• AIM OF THE TASK
Retype the listing exactly as it stands, and keep every image out.

• STORED DATA
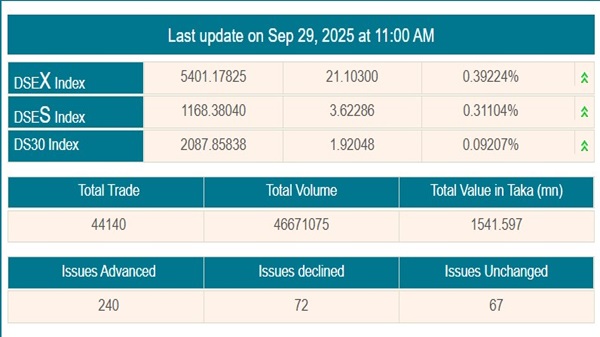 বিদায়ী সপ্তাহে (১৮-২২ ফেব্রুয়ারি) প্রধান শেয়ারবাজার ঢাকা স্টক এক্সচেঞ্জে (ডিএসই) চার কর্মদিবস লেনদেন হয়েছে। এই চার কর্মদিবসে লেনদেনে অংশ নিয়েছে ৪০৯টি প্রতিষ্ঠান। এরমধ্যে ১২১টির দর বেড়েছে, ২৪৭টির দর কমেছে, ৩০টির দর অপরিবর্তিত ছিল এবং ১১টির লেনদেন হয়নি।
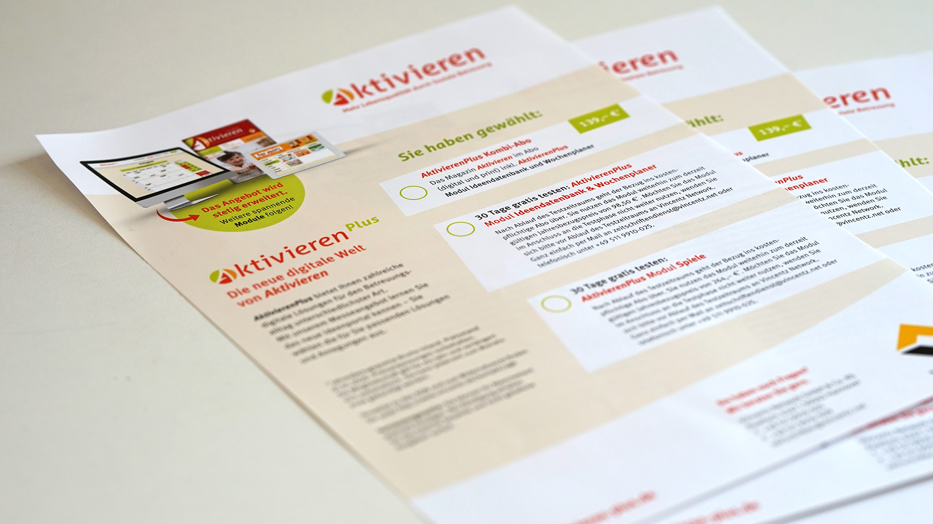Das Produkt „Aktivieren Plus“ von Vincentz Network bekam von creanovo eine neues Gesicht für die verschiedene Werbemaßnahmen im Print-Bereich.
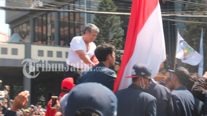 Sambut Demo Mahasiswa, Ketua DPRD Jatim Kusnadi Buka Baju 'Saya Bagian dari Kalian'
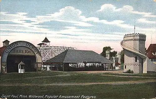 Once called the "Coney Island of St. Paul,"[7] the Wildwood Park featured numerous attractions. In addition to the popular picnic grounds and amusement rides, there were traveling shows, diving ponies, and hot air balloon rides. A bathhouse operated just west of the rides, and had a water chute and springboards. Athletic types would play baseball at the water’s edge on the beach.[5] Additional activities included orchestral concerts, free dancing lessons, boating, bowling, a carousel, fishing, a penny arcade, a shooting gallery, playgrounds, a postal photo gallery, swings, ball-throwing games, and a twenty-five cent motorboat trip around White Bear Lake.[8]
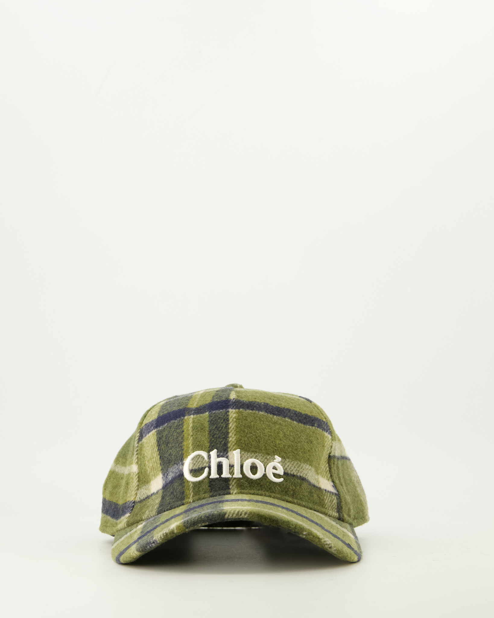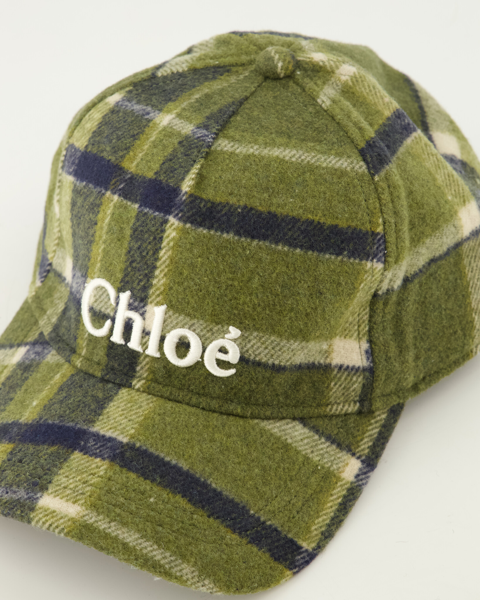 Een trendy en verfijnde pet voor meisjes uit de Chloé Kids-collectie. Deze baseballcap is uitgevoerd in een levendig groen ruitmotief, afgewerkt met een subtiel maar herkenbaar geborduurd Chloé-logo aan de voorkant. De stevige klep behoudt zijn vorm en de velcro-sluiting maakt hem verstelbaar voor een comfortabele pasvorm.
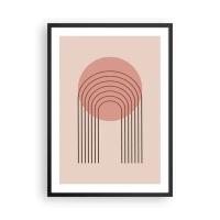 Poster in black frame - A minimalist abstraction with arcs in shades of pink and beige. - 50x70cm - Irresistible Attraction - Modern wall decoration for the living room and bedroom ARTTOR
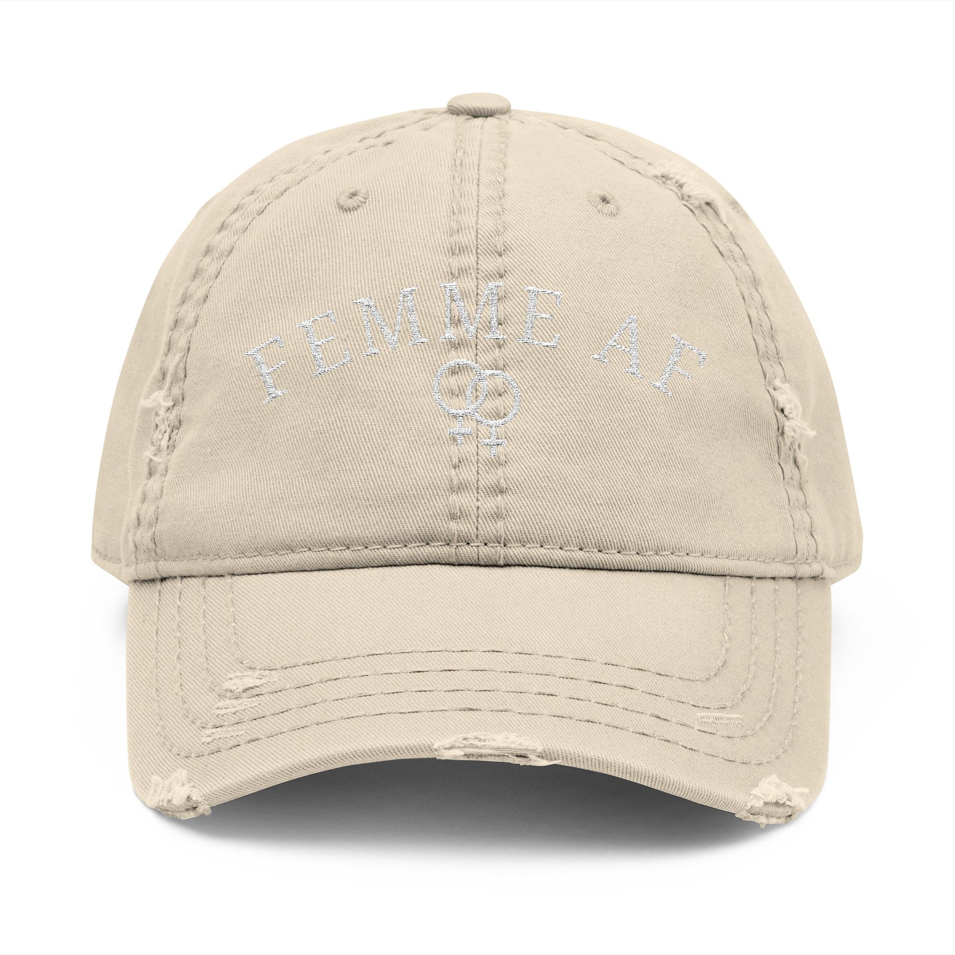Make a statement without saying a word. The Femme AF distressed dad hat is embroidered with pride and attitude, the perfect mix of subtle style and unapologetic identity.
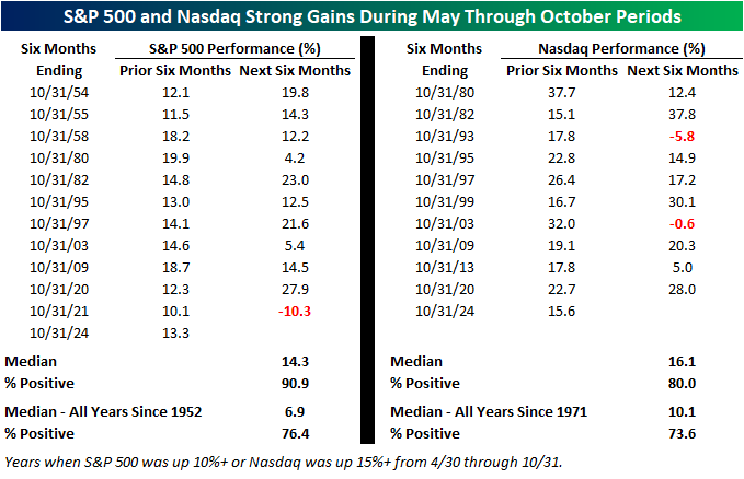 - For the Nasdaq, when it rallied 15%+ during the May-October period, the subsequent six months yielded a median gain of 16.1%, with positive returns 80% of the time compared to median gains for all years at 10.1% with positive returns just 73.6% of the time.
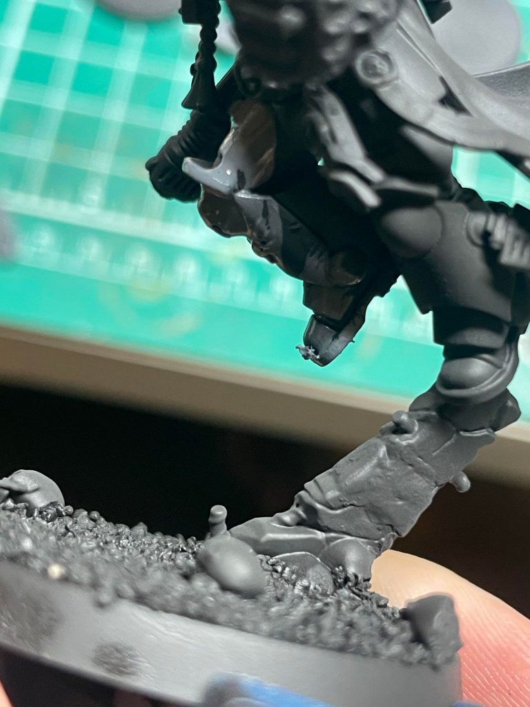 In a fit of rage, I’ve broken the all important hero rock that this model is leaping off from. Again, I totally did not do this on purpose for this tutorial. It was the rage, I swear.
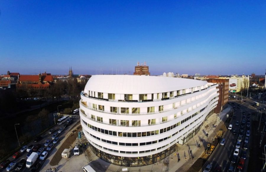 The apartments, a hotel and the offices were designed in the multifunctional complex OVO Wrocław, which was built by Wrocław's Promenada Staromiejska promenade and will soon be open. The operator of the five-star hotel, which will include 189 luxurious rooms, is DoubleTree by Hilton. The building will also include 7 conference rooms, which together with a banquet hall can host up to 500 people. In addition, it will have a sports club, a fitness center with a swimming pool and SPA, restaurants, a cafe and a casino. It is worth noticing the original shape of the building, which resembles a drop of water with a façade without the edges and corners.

• RESULT BELOW
 বিদায়ী সপ্তাহে (১৮-২২ ফেব্রুয়ারি) প্রধান শেয়ারবাজার ঢাকা স্টক এক্সচেঞ্জে (ডিএসই) চার কর্মদিবস লেনদেন হয়েছে। এই চার কর্মদিবসে লেনদেনে অংশ নিয়েছে ৪০৯টি প্রতিষ্ঠান। এরমধ্যে ১২১টির দর বেড়েছে, ২৪৭টির দর কমেছে, ৩০টির দর অপরিবর্তিত ছিল এবং ১১টির লেনদেন হয়নি।
Das Produkt „Aktivieren Plus“ von Vincentz Network bekam von creanovo eine neues Gesicht für die verschiedene Werbemaßnahmen im Print-Bereich.
 Sambut Demo Mahasiswa, Ketua DPRD Jatim Kusnadi Buka Baju 'Saya Bagian dari Kalian'
 Once called the "Coney Island of St. Paul,"[7] the Wildwood Park featured numerous attractions. In addition to the popular picnic grounds and amusement rides, there were traveling shows, diving ponies, and hot air balloon rides. A bathhouse operated just west of the rides, and had a water chute and springboards. Athletic types would play baseball at the water’s edge on the beach.[5] Additional activities included orchestral concerts, free dancing lessons, boating, bowling, a carousel, fishing, a penny arcade, a shooting gallery, playgrounds, a postal photo gallery, swings, ball-throwing games, and a twenty-five cent motorboat trip around White Bear Lake.[8]
 Een trendy en verfijnde pet voor meisjes uit de Chloé Kids-collectie. Deze baseballcap is uitgevoerd in een levendig groen ruitmotief, afgewerkt met een subtiel maar herkenbaar geborduurd Chloé-logo aan de voorkant. De stevige klep behoudt zijn vorm en de velcro-sluiting maakt hem verstelbaar voor een comfortabele pasvorm.
 Poster in black frame - A minimalist abstraction with arcs in shades of pink and beige. - 50x70cm - Irresistible Attraction - Modern wall decoration for the living room and bedroom ARTTOR
Make a statement without saying a word. The Femme AF distressed dad hat is embroidered with pride and attitude, the perfect mix of subtle style and unapologetic identity.
 - For the Nasdaq, when it rallied 15%+ during the May-October period, the subsequent six months yielded a median gain of 16.1%, with positive returns 80% of the time compared to median gains for all years at 10.1% with positive returns just 73.6% of the time.
 In a fit of rage, I’ve broken the all important hero rock that this model is leaping off from. Again, I totally did not do this on purpose for this tutorial. It was the rage, I swear.
 The apartments, a hotel and the offices were designed in the multifunctional complex OVO Wrocław, which was built by Wrocław's Promenada Staromiejska promenade and will soon be open. The operator of the five-star hotel, which will include 189 luxurious rooms, is DoubleTree by Hilton. The building will also include 7 conference rooms, which together with a banquet hall can host up to 500 people. In addition, it will have a sports club, a fitness center with a swimming pool and SPA, restaurants, a cafe and a casino. It is worth noticing the original shape of the building, which resembles a drop of water with a façade without the edges and corners.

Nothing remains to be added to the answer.